Question

How do you solve by completing the square $2{x^2} + 7x - 1 = 0$?

Answer 1

Hint: We have to find the solution of a given quadratic equation by creating a trinomial square on the left side of the equation and using algebraic identity. First, add $1$ to both sides of the equation. Then, divide each term in $2{x^2} + 7x = 1$ by $2$. Next, create a trinomial square on the left side of the equation. For this we have to find a value that is equal to the square of half of $b$. Next, add the term to each side of the given equation.

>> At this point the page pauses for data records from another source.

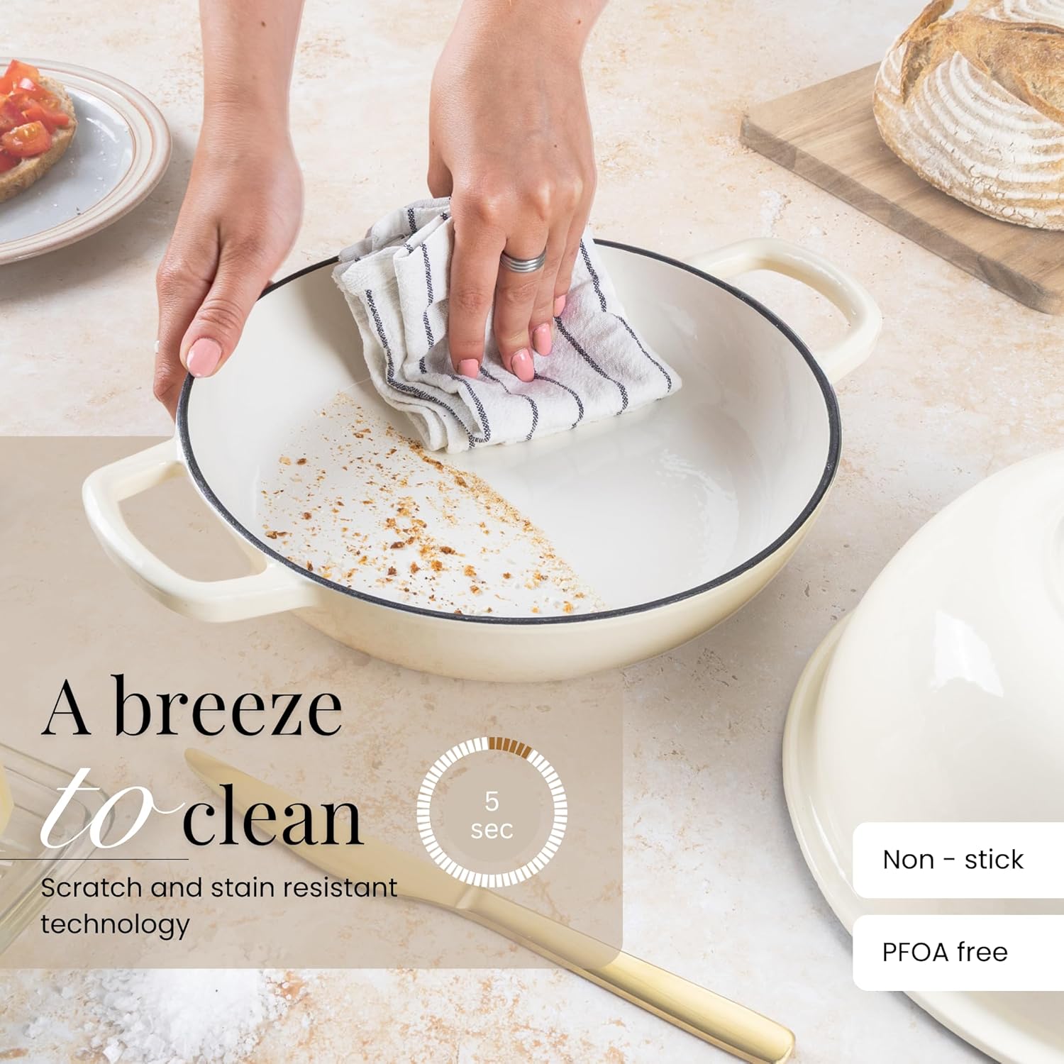 - ENAMELLED FINISH: The enamelled surface of the cast iron dutch oven pot by Nuovva is non-reactive, making it safe for all types of dough and ingredients. It resists rust and scratches, ensuring your pot remains in pristine condition for years. The smooth enamelled finish makes cleaning effortless!
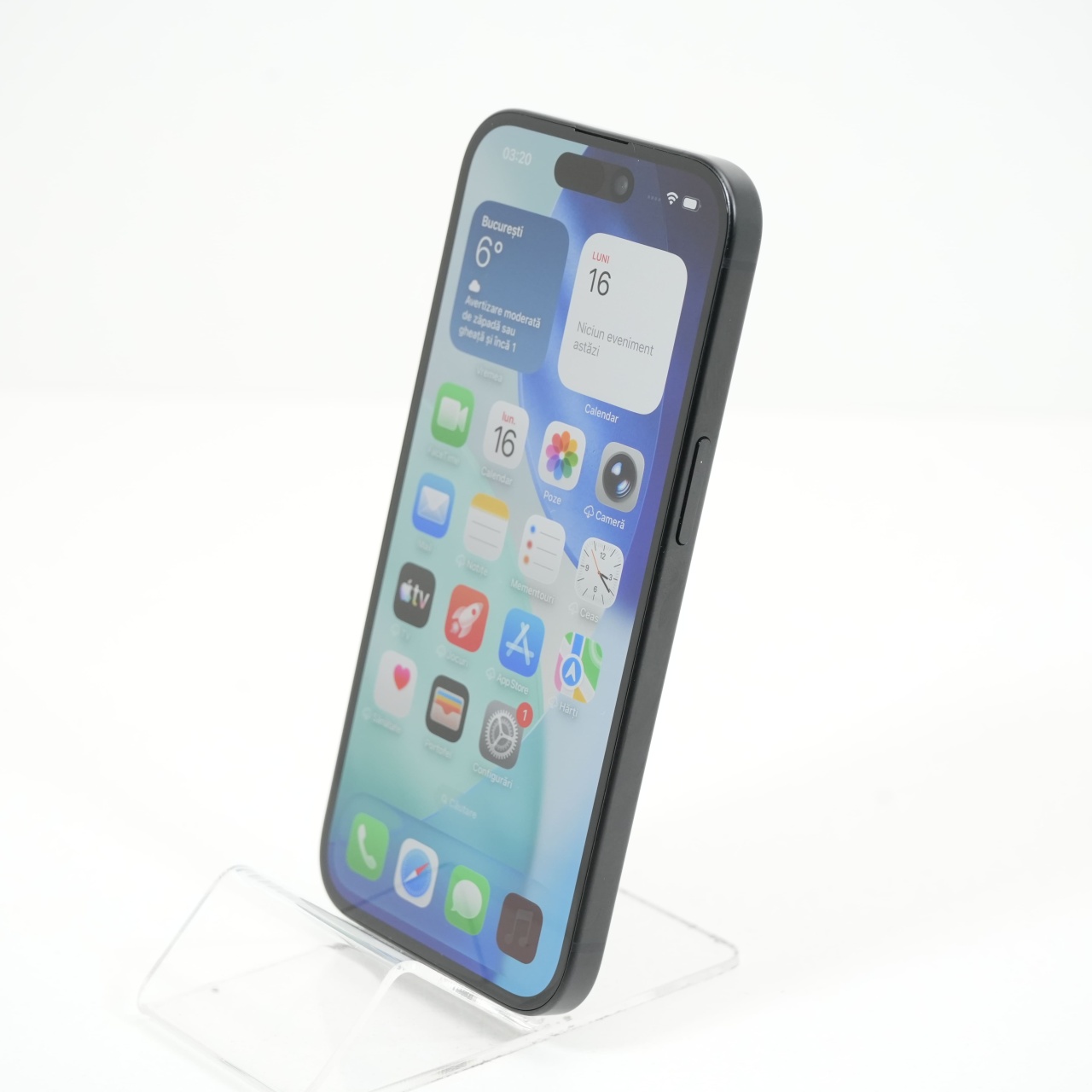 Ecran: 6.1 Procesor: Apple A16 Bionic Memorie RAM: 6GB Memorie interna: 128GB Camera foto: Principala 48 MPx, Frontala 12 MPx Stare retea: Liber de retea
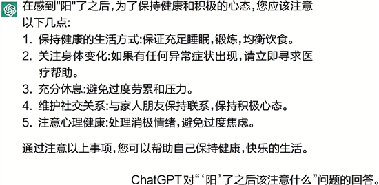 ChatGPT对“‘阳’了之后该注意什么”问题的回答。

Next, simplify the right-hand side of the equation by simplifying each term. Next, combine the numerator over the common denominator and simplify the numerator. Next, factor the perfect trinomial using (i). Next, take the square root of each side of the equation to set up the solution for $x$. Then remove the perfect root factor $x + \dfrac{7}{4}$ under the radical to solve for $x$. Next, simplify the right side of the equation by pulling terms out from under the radical, assuming positive real numbers. Next, subtract $\dfrac{7}{4}$ from both sides of the equation and get the desired result.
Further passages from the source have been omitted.